In the second set of experiments, a CFTR gene mutation detection system was developed and analyzed in detail. 17 clinical samples were used with known CFTR mutation status determined by an in vitro diagnostic assay (Elucigene CF29v2, Elucigene Diagnostics, Manchester, UK) and Sanger sequencing. Representative electropherograms of the clinical samples are shown in Additional file 3 Figure S2 and Additional file 4 Figure S3 (all HP-containing exons of the CFTR gene and a 2184insA mutation in heterozygous form, respectively, as tested by Sanger sequencing). Primer design for CFTR mutation analysis was similar to the plasmid system’s described above, except for the “HP in the middle” type amplicons, which were left out of this experiment (primers listed in Additional file 5: Table S2). Exons e3, e14, e15, and e24 have multiple HP sections, most of which could only be covered within the same amplicons; therefore altogether 33 HP-containing amplicons were tested per patient. When designing the primers, all known single-nucleotide polymorphisms (SNPs) were taken into consideration to maximize annealing efficiency and minimize allele drop-out, which was shown to be an issue in a previous test system [29]. We also designed primers for CFTR exons that do not contain homopolymer stretches (Additional file 6: Table S3) to be able to analyze the complete gene. The most crucial section of the gene (within exon 14) was further tested using 11 human DNA samples; including four wild type and seven 2184insA heterozygotes. As with the plasmid system, we used three additional primer pairs to generate amplicons for NGS sequencing with “proximal,” “mid,” and “distal” HP locations. “Proximal” primers were located at a distance of 5 and 11 base pairs from the poly-A tract. In all samples, PicoMaxx enzyme mix was used for the amplification processes.
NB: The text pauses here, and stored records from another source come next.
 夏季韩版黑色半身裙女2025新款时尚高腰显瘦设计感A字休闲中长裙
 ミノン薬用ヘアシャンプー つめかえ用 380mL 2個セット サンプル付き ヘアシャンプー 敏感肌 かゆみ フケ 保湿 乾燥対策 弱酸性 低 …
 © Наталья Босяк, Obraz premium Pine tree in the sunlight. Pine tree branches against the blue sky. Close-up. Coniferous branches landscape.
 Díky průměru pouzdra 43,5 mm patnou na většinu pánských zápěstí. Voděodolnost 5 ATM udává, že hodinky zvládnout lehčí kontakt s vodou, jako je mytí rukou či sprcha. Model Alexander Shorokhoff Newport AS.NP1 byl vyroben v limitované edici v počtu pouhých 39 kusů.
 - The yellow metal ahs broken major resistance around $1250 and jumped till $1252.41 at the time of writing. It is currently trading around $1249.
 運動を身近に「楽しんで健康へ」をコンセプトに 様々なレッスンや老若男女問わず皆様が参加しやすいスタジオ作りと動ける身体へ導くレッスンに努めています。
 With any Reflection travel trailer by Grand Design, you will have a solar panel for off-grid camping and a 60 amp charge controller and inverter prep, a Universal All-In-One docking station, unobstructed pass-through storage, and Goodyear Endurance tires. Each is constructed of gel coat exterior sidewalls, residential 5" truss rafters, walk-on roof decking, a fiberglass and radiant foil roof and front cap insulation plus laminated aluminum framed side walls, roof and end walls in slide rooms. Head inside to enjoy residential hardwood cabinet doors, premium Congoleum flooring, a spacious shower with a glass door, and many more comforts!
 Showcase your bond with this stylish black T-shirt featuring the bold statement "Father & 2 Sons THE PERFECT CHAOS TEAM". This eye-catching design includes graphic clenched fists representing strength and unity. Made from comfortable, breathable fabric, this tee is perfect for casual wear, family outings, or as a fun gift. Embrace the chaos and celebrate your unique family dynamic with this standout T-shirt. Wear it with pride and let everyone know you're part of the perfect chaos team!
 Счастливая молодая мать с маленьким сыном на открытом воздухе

All human participants gave informed consent for diagnostic genetic analysis. In this study DNA samples were then applied anonymously and procedures were in accordance with the current revision of the Helsinki Declaration. The laboratory is approved by the National Public Health and Medical Officer Service (approval number: 094025024).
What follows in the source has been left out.